On March 3, reports emerged that four workers had died in an illegal coal mine in Nagaland. In Meghalaya, meanwhile, the operation to rescue workers trapped in another flooded rat-hole mine is set to complete three months on March 13 – even as media attention around what has been described as the “country’s longest rescue mission” has almost entirely waned.
With the Indian Navy and Army temporarily withdrawing from the operation on March 1 amid mounting tension between India and Pakistan, and the Orissa Fire Services also retreating in February, the National Disaster Response Force remains the only agency at the location in addition to the state’s own disaster response force.
NDRF: First to arrive
The mine was flooded by a nearby river on December 13, trapping 15 workers. On December 14, the National Disaster Response Force’s 1st battalion became the first rescue group to reach the site – located in the middle of a forest.
When the battalion first surveyed the spot, it discovered that the mine shaft was flooded with 70 feet of water – making it too deep for its divers to enter. It asked for the mine to be “dewatered”, using high-power pumps, a request that took almost 15 days to be acted upon because of bureaucratic inertia. Finally, just as the year ended, teams from Coal India Limited, Orissa Fire Services, the Indian Navy, and water-pump manufacturing companies like Kirloskar Brothers and KSB arrived with their equipment.
The National Disaster Response Force’s men – some 70 of them – kept waiting as the technical experts worked the mine shafts in the vicinity to reduce the water level in the main mine.
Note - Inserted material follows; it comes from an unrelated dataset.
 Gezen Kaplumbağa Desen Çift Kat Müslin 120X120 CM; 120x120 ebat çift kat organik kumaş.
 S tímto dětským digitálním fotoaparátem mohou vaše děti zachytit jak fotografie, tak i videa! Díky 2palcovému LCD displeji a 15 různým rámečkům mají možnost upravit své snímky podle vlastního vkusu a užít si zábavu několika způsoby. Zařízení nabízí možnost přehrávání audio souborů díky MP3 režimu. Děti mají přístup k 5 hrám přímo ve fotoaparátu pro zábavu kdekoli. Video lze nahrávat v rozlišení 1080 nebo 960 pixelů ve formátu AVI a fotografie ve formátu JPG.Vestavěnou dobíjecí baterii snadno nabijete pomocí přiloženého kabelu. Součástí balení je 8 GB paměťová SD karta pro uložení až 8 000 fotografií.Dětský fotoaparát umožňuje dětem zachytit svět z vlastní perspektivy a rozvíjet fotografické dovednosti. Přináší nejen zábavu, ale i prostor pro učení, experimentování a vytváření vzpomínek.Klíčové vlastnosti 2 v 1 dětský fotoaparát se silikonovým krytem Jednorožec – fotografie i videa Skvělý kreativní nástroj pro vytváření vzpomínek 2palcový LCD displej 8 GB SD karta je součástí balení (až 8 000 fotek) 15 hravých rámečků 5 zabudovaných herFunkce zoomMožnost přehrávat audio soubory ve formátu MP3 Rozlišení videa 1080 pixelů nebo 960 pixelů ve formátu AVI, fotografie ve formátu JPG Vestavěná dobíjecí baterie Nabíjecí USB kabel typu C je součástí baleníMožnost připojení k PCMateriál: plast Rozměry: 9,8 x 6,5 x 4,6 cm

They set up makeshift camps in the forest, braving the biting winter cold of Meghalaya’s hills in the hope that they would finally get to dive into the mines and recover the bodies of the trapped miners. The water level, though, remained the same.
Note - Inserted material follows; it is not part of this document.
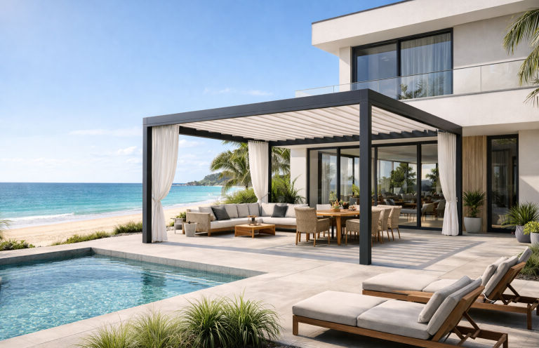 Estructuras arquitectónicas que aportan sombra, diseño y carácter a espacios exteriores, creando ambientes funcionales y estéticamente atractivos.

Also, with the Indian Navy’s arrival, the National Disaster Response Force’s role became more about providing assistance to them. On January 23, the Navy employed an underwater remotely operated vehicle to pull out the first body. On February 27, days before it left, it pulled out another body using the same method.
With his men getting increasingly jaded by the lack of headway, the 1st battalion’s commander, SK Sastri, said he decided to “go for rotation” in February, sending the first team back, and getting in fresh legs from the battalion’s headquarters in Guwahati. “If you keep the same set of people without any achievement, they start getting fatigued,” he said. “To my knowledge, this is the longest-ever mission in our country.”
Doomed mission?
The National Disaster Response Force has gradually reduced the number of personnel at the site as there were “no actual diving operations and everyone is waiting for the water to recede”, said Sastri. “We don’t have the capability to dive in the prevailing conditions.”
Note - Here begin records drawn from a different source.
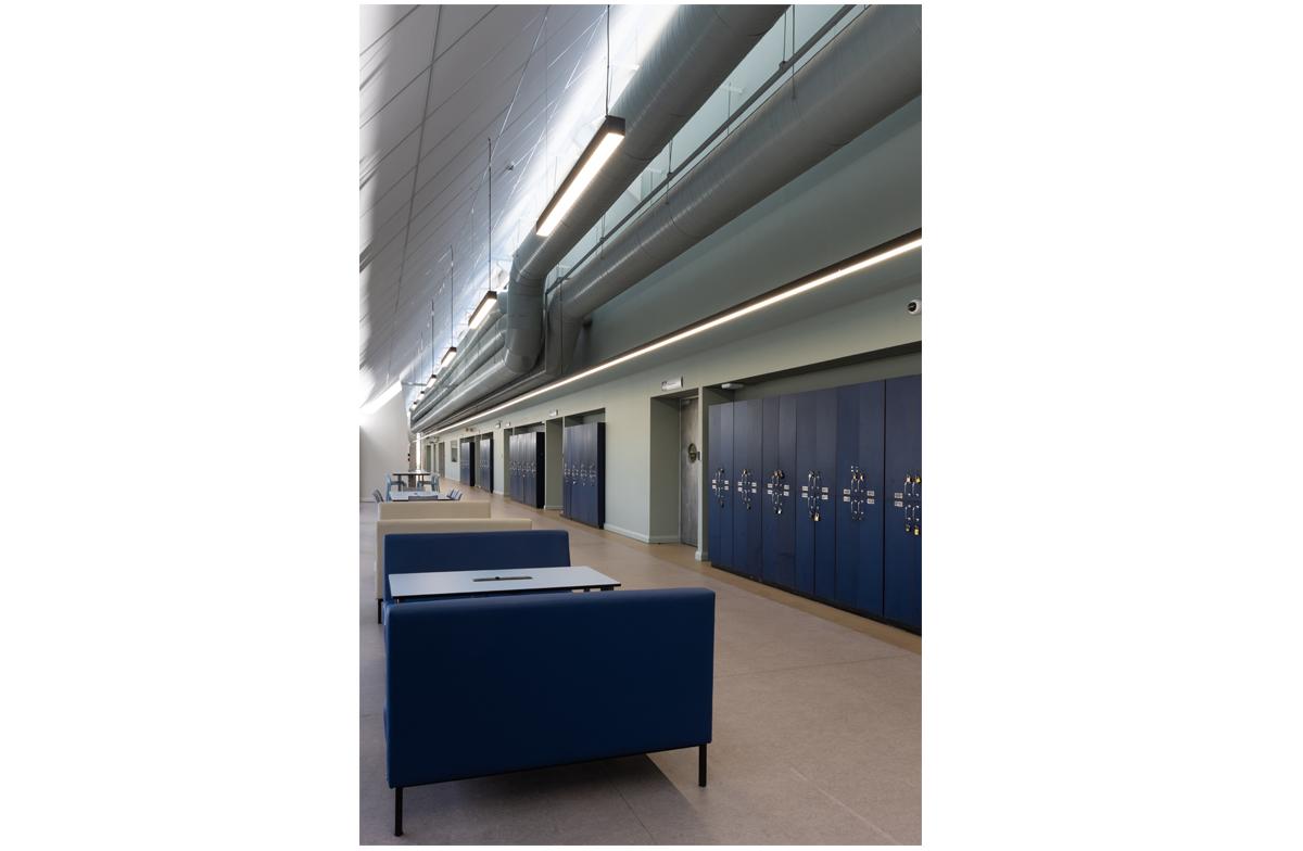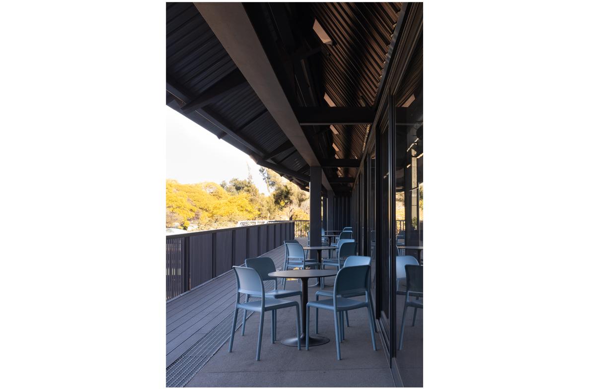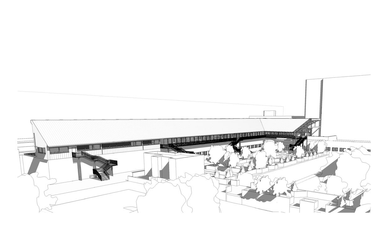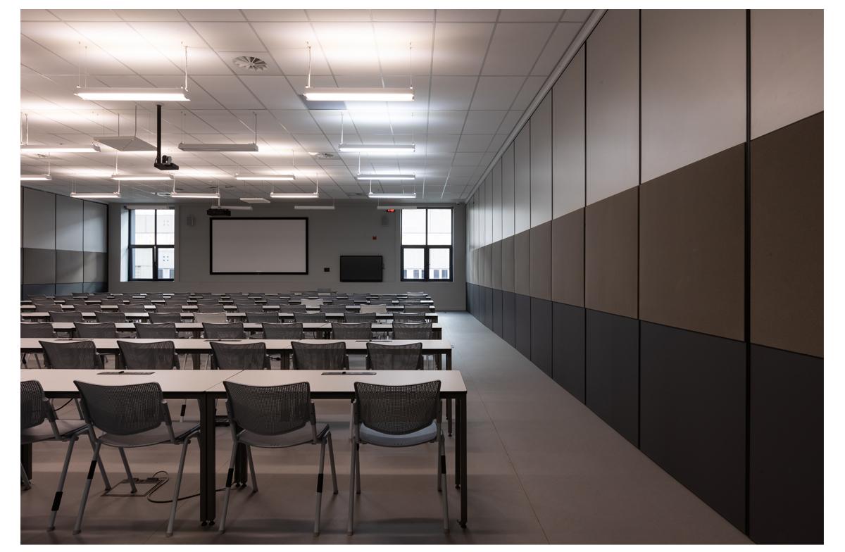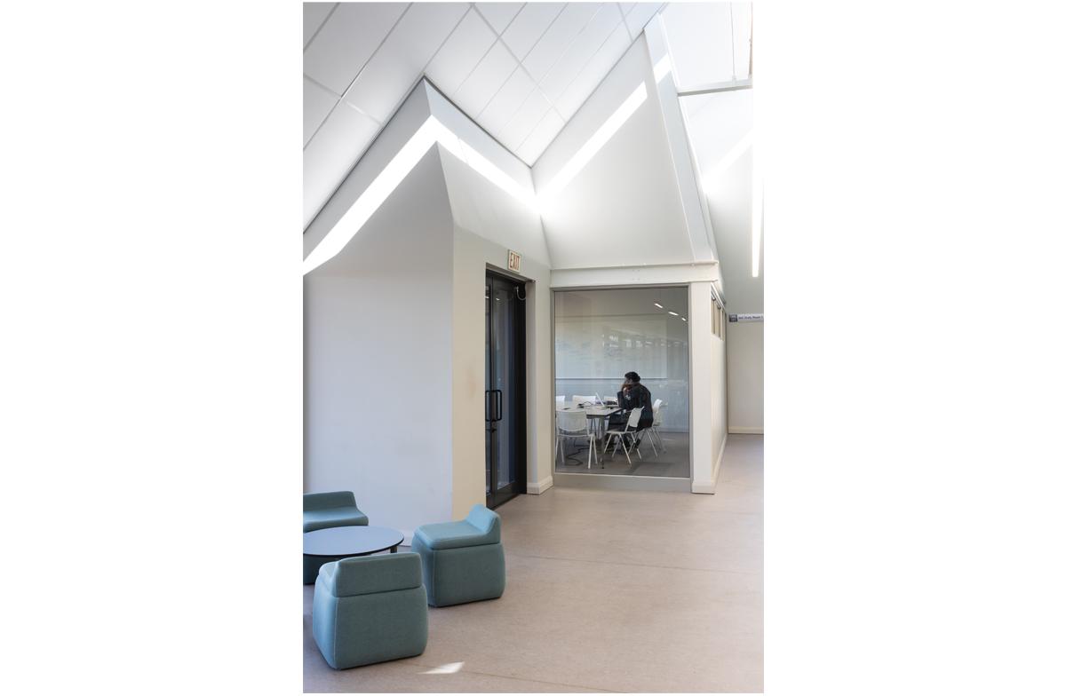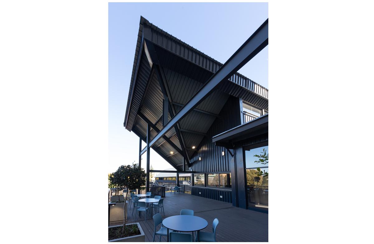 The project is an undergraduate and student focussed development of study rooms and large classrooms that have ta flexibility of configuration. Stacking wall panels allow the space to open into one large exam venue. The medical campus is constrained and lacks open ‘green’ space. The project is constructed as a lightweight structure on an existing roof and frames the existing patch of outdoor space into a courtyard. The framing is reinforced by cantilevered balconies and a glazed concourse with views of the Johannesburg skyline.
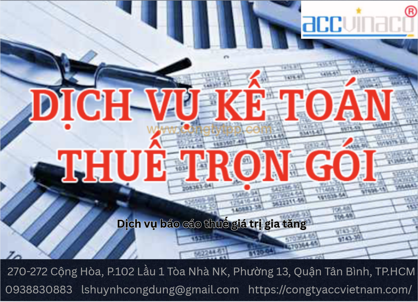 CÔNG TY ACCVINACO cung cấp dịch vụ báo cáo thuế giá trị gia tăng toàn diện, từ kê khai thuế đến hỗ trợ hoàn thuế. Xem thêm chi tiết tại dịch vụ kế toán thuế.
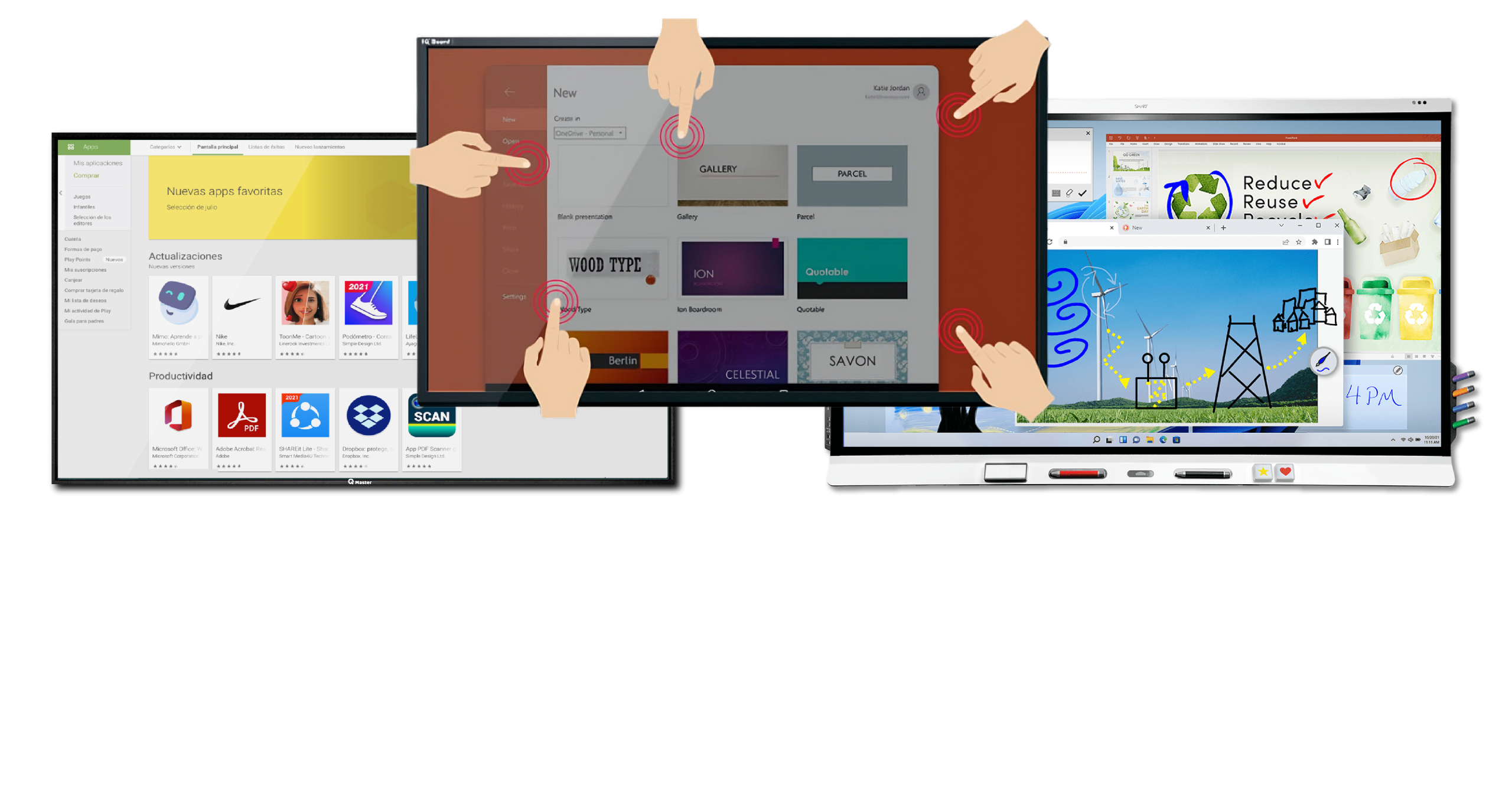 Nuestras pantallas interactivas te brindan una experiencia táctil sin igual, permitiéndote colaborar en tiempo real y presentar tus ideas de una manera impresionante.

But what about the operation itself? The murmur in the government’s headquarters in Shillong is that it goes on only because the court insists it must. “We can’t say anything as the matter is now sub-judice,” said government spokesperson R Sungi over the phone from the site of the disaster.
In the last hearing on February 25, the court, in response to a “tearful request” by the petitioners who want the mission to continue, asked the Centre to arrange for more pumps to be taken by air to the site with the assistance of the Army to try and dewater the mines. But with the Army pulling out, that looks unlikely, say officials.
“We have tried as hard as we can,” said Meghalaya Additional Chief Secretary PW Ingty, the official in charge of the mission. On being asked whether the government would ask the court to the pull the plug on the operation at the next hearing on March 12, Ingty was non-committal. “Let us see – we will review the situation and I will consult with the chief minister,” said Ingty.
Conversations with officials at the spot suggested that it is only a matter of time before it indeed happens. “Pumping is going on continuously, but water is not coming down,” said Sungi. “And now with the Navy gone, there are no divers also.”
As a local journalist, one of the first to reach the spot, said, “I have stopped going there now,” he said. “Nobody is there, only NDRF [National Disaster Response Force].”
Corrections and clarifications: An earlier version of this article’s headline had incorrectly said that efforts to retrieve workers’ bodies from a flooded mine “was set to enter third month”.